Put me on the waiting list!


----------



## CaseyForrest (Apr 16, 2007)

Done.


----------



## 00juice (Apr 16, 2007)

Can I be next on the list????


----------



## beelsr (Apr 16, 2007)

please.


----------



## Gologit (Apr 16, 2007)

That's a great idea Casey. That book has stuff in it that you just can't find any other place. Some of it is a little dated but the main stuff, the good stuff, is ageless. I don't mill all that much, just a few timbers for the ranch if I need some, but that book has been invaluable to me.


----------



## aggiewoodbutchr (Apr 17, 2007)

Great idea.

CaseyForrest :rockn:  s!


That book is the best resource in print for :newbie: chainsaw millers. I still pull it out every so often just because I enjoy reading it. True some of the stuff is dated but that's what we're here for.


----------



## CaseyForrest (Apr 17, 2007)

OK, So far

1: Wdchuck
2: aquan8tor
3: 00juice
4: beelsr

It will be your guys responsibility to get ahold of the next person on the list for their address when you are done with the book. 

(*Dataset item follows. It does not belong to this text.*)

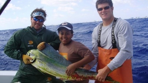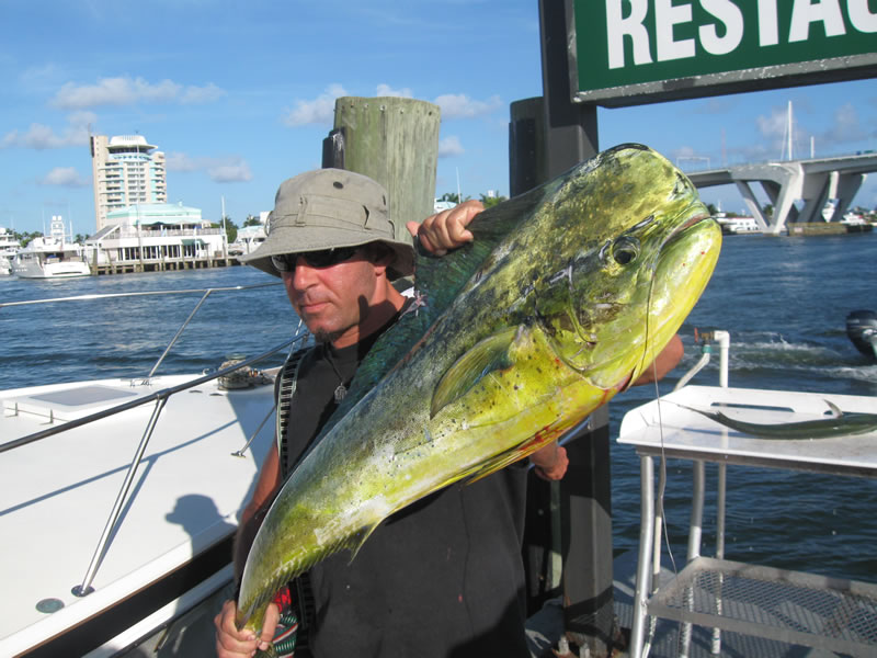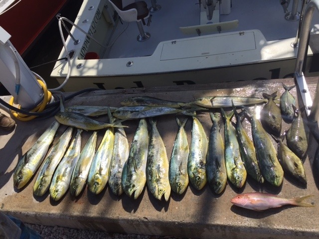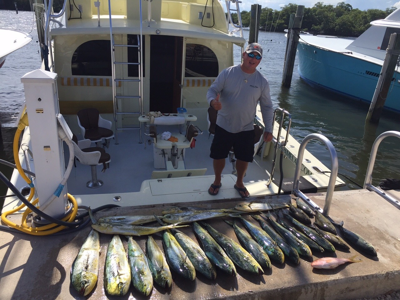 We catch Mahi ranging from 5 to 50 pounds with the biggest fish usually caught in the winter and spring months while kite fishing for sailfish. In the summertime, we’ll run offshore up to 20 miles in search of weedlines, frigate birds or floating debris. The Mahi usually hang under anything that holds bait and feed on it throughout the day.

Wdchuck, havent heard from Larry yet. If you hear from him let me know.


----------



## CaseyForrest (Apr 17, 2007)

aggiewoodbutchr said:


> Great idea.
> 
> CaseyForrest :rockn:  s!
> 
> ...



Yeah, it may be dated, but he found a way to make it all look so easy. And dated or not all of his ideas are simple and still pratical!!

When I first got it I read it several time back to back, its hard to get everything in the first time.


----------



## stonykill (Apr 17, 2007)

*add me please!!*

I'm interested in being on the list. I should be a great read, and a wealth of info


----------



## CaseyForrest (Apr 17, 2007)

CaseyForrest said:


> OK, So far
> 
> 1: Wdchuck
> 2: aquan8tor
> ...



5: Stonykill

I havent heard from Larry yet.


----------



## CaseyForrest (Apr 19, 2007)

I still havent heard from Larry yet. You guys are still on the list!!


----------



## CaseyForrest (Apr 25, 2007)

Im going to send Larry another Email, still havent heard from him.


----------



## lmbeachy (Apr 25, 2007)

I would like to put my name on the list also.


----------



## aquan8tor (Apr 25, 2007)

I'll bet ya by the time the book gets to your place on the list, you'll have 50 posts. Better get to sharing your experiences, or something like that!


----------



## CaseyForrest (Apr 26, 2007)

1: Wdchuck
2: aquan8tor
3: 00juice
4: beelsr
5: lmbeachy (Ive never been a stickler for the rules)


----------



## CaseyForrest (Apr 26, 2007)

aquan8tor said:


> I'll bet ya by the time the book gets to your place on the list, you'll have 50 posts. Better get to sharing your experiences, or something like that!



Ive shared a few of them, But I only thumbed through the book a couple times. To much to absorb in a couple sittings.


----------



## stonykill (Apr 26, 2007)

CaseyForrest said:


> 5: Stonykill
> 
> I havent heard from Larry yet.




did you forget about me?


----------



## CaseyForrest (Apr 26, 2007)

stonykill said:


> did you forget about me?



1: Wdchuck
2: aquan8tor
3: 00juice
4: beelsr
5: stonykill
6: lmbeachy (Ive never been a stickler for the rules) 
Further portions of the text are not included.